В помощники новоявленному богу дали двух шестерок, принадлежащих к знаменитой банде «заборских»: молодого по кличке Пруха и постарше, лет сорока пяти, когда-то работавшего столяром и откликавшегося на прозвище Верстак.
После чего для Магистра наступило время самоусовершенствования. Он прошел курсы гипноза и ораторского искусства. И был готов стать богом.
Королек
Последнее утро октября обещало голубонебый день. Но нет, сползлись тучи, напрочь закрыли солнце, и все вокруг скорчило гримасу меланхолии.
Около двух часов после полудня доставляю в центр города пассажиров: увесистую мамашу с двумя хулиганистыми ребятишками. Паркую «копейку» возле улочки имени Бонч-Бруевича. Тяжко вздыхая, мамаша расплачивается со мной, пацанята показывают мне язык, и троица удаляется. А я заглядываю в забегаловку, где, бывало, сиживал со Сверчком.
Взяв свою порцию, шествую с подносом к окну. Приземляю усталый зад на высокий стульчик и принимаюсь поглощать пищу.
Слева от меня сидит охранник, зорко следя за посетителями, а справа… бамба-баламба… мамин старик-художник, дядюшка Скрудж!
Одет так же, как и вчера. Жилистая шейка обернута кумачовым шарфом. Восседая на стульчике, дедок посасывает из бокала пиво. По окутывающему его аромату понимаю, что он уже дербалызнул приличную дозу спиртного.
Должно быть, ощутив мой любопытный взгляд, он долго рассматривает меня расфокусированными глазами – и не узнает.

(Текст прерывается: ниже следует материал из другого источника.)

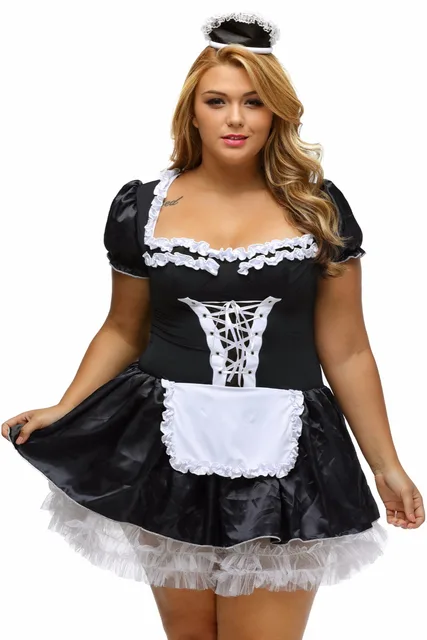 S-6XL Black Satin And White Lace Fancy Mini French Maid Dress Cosplay Sexy Maid Costume Plus Size Halloween Costumes for Women

– Дозвольте обратиться… – начинает витиевато. – Я сразу разглядел, что вы… человек интеллигентный… Я… между прочим… тоже… Интеллигент… Не потомственный… в первом поколении… Если хотите знать… перед вами несостоявшийся великий художник… Рафаэль!..
«И, чудо! (как сказал когда-то поручик Миша Лермонтов) из померкших глаз слеза тяжелая катится…» Дедок плачет. Чистые слезинки принимаются петлять по бороздам и закоулкам его продубленной кожи.
Пошмыгав утиным носом и высморкавшись в красный грязный платок, Скрудж распахивает передо мной свою пропитанную винными парами душу. Ничего нового не сообщает: и про мерзавцев приятелей, и про тюрягу я уже слышал в мамином изложении. Похоже, это выступление отработано у него до мелочей, как выходная ария мистера Икса.
Старикан с превеликим трудом выговаривает последнее слово исповеди – и тотчас его башочка безвольно падает на грудь, беретик сваливается. Дед отключился. Тормошу его, спрашиваю:
– До дома дойдешь самостоятельно?
– Н… ну… – ответствует он, вынырнув на миг из блаженного небытия. И отрубается снова.
Трехэтажно матюкаюсь в душе и, проклиная свою бабью жалостливость, кое-как сволакиваю Скруджа со стула, тащу к выходу и запихиваю на заднее сиденье «копейки». Он тут же норовит погрузиться в безгрешный сон дитяти. Принимаюсь довольно невежливо его трясти, приговаривая:
– Эй, ты где живешь?
В ответ он долго мычит, потом телится:
– В о… а… о… абщаге…
– В какой общаге?
– С… С… Строителей.
– На Менделеева, что ли?
– А… га.
Везу деда в общежитие. Мне оно более-менее знакомо, поскольку здесь обитают два занятных мужичка: Муся и Веня.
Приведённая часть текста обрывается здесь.